1. Services. TMC grants Griston the authority to investigate, evaluate, handle, adjust and settle each claim assigned according to applicable state law, the terms and conditions of the policy and any written standards that may be provided by TMC in addition to the provisions of this Agreement. During the term of this Agreement, Griston shall be the exclusive provider of Claims Services for all reported and assigned claims of TMC for policies of insurance written by or through the Company. Griston will provide the services and general management of these Claims Services described herein for subject claims as follows:

a. Griston will utilize and enter TMC claims data into a claims administration system as directed by TMC in a timely manner. Griston will provide TMC with access, at no cost to TMC, to the claims administration system on a 24 hours a day, seven days a week basis.

b. Loss reporting will be by Internet, fax, or phone. Losses may be reported 24 hours a day. The Internet, fax and phone reporting will be checked for new losses every two hours from 8:00 AM until 11:00 PM.

c. Coverage will be verified on all cases through TMC by procedures mutually agreed upon, in writing, by the parties. Contact will be made with claimant or insured within 24 hours of loss reporting, excluding catastrophic events.

d. Griston will administer the appraisal/assessment process and will use in this endeavor a combination of staff, adjusters, and appraisers. The Claims Services shall use only licensed adjusters, and licensed private investigators, or catastrophic adjusters, where applicable.

e. Griston will perform all reasonable, necessary and customary administrative and clerical work in connection with claim or loss reports.

f. Griston will establish and maintain a claim file for each reported claim or loss with a copy of the policy for each reported claim. The claim file will have an activity log which shall be reviewable at any and all reasonable times by TMC. Catastrophe claims will not require an activity log.

g. Griston will provide TMC with litigation management. Griston will work with counsel to determine the best course of action within a reasonable budget within the scope of authority granted by TMC. The selection and retention of legal counsel shall be TMC’s sole prerogative.

h. For non-catastrophic claims, Griston will enter in its claims administration system each claim and a recommended reserve within 48 hours which initial reserves will be a statistical reserve and adjusted within 14 days based upon adjuster’s inspection of damages. TMC shall have the ultimate authority in establishing all reserves and all component aspects thereof. Griston shall consult with TMC and provide written notice to TMC in a timely manner with respect to any of the following:



Any loss or claim resulting in legal action being instituted against Griston, TMC or the Company;



Any loss or claim causing a complaint to be filed with any regulatory authority;



Any inquiry from any regulatory authority, including but not limited to, any insurance department, with respect to any claim or claims.

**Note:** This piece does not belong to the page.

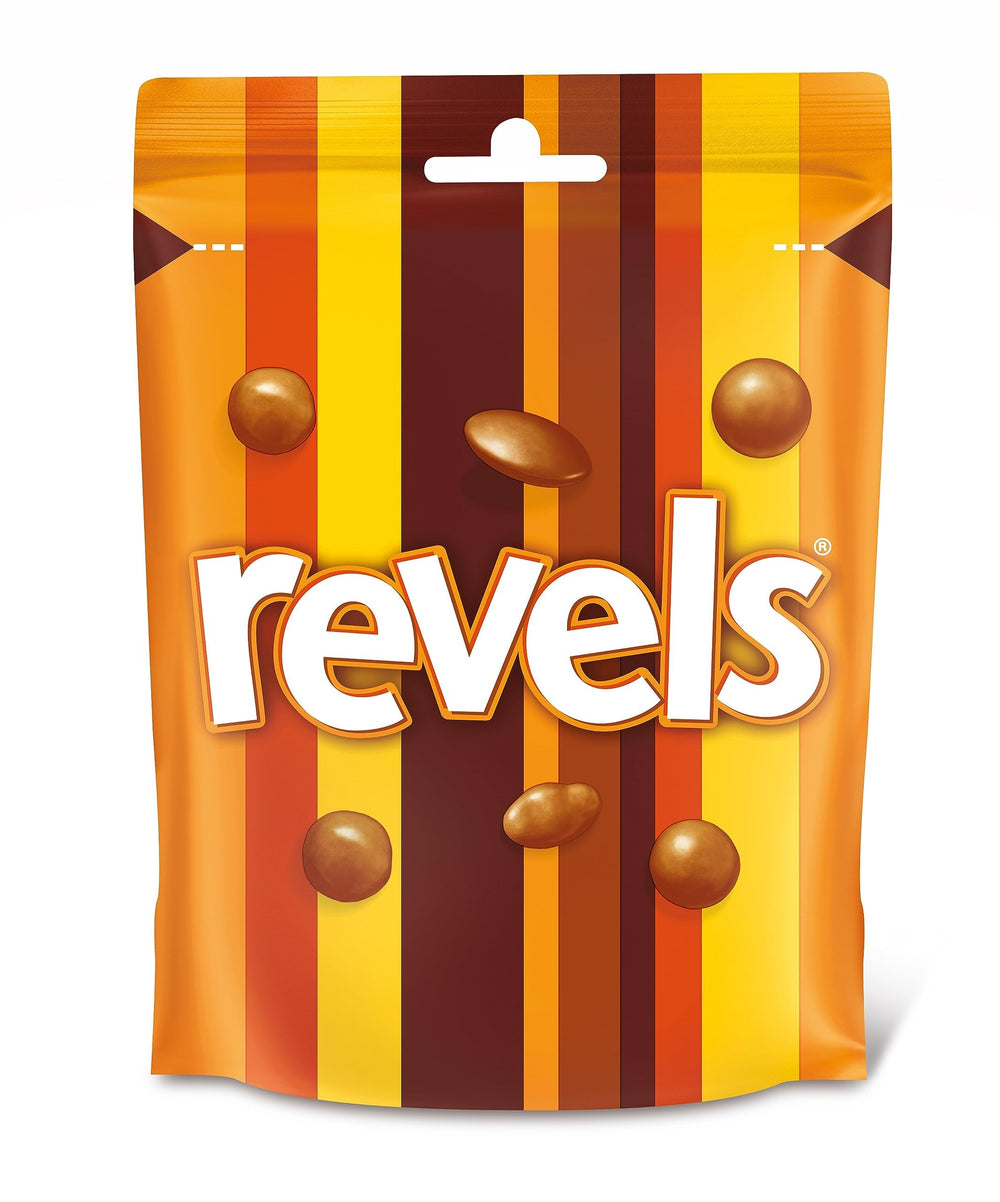 Enjoy a delicious mix of premium chocolates from Mars in every pouch of Revels. This variety pack features a delightful selection including smooth milk chocolate pieces, crunchy Maltesers, zesty orange chocolate, rich coffee chocolate, chewy chocolate-covered raisins, and sweet toffee pieces—perfect for satisfying diverse taste preferences.

Any claim Griston deems appropriate to deny policy coverage or involves a coverage dispute;



Any claim which might ultimately result in the payment(s) in excess of $25,000. Griston shall forward a copy of such claim file to TMC at its request. TMC grants Griston claims settlement authority up to $25,000;



Any open claim that involves an allegation of extra-contractual obligations;



Any claim involving a fatality, amputation, spinal cord or brain damage, loss of eyesight, extensive burns, poisoning, or multiple fractures;



Any claim involving a minor; or



any claim involving a claim of bad faith or seeking class action certification.

i. Griston will perform periodic review (at least semi-annually) at mutually agreed upon intervals of outstanding claim reserves, and recommend changes to outstanding claim reserves.

j. Griston will order checks and vouchers from TMC and will prepare all compromises, releases, agreements and any other documents reasonably necessary to finalize and close claims. For settlements of less than $25,000, Griston will issue payments of claims and allocated loss adjustment expenses only on checks of, and as authorized by, TMC or the Company. A check in payment of a claim shall be issued within 48 hours after claim is determined payable by Griston, except in the event of a catastrophic event.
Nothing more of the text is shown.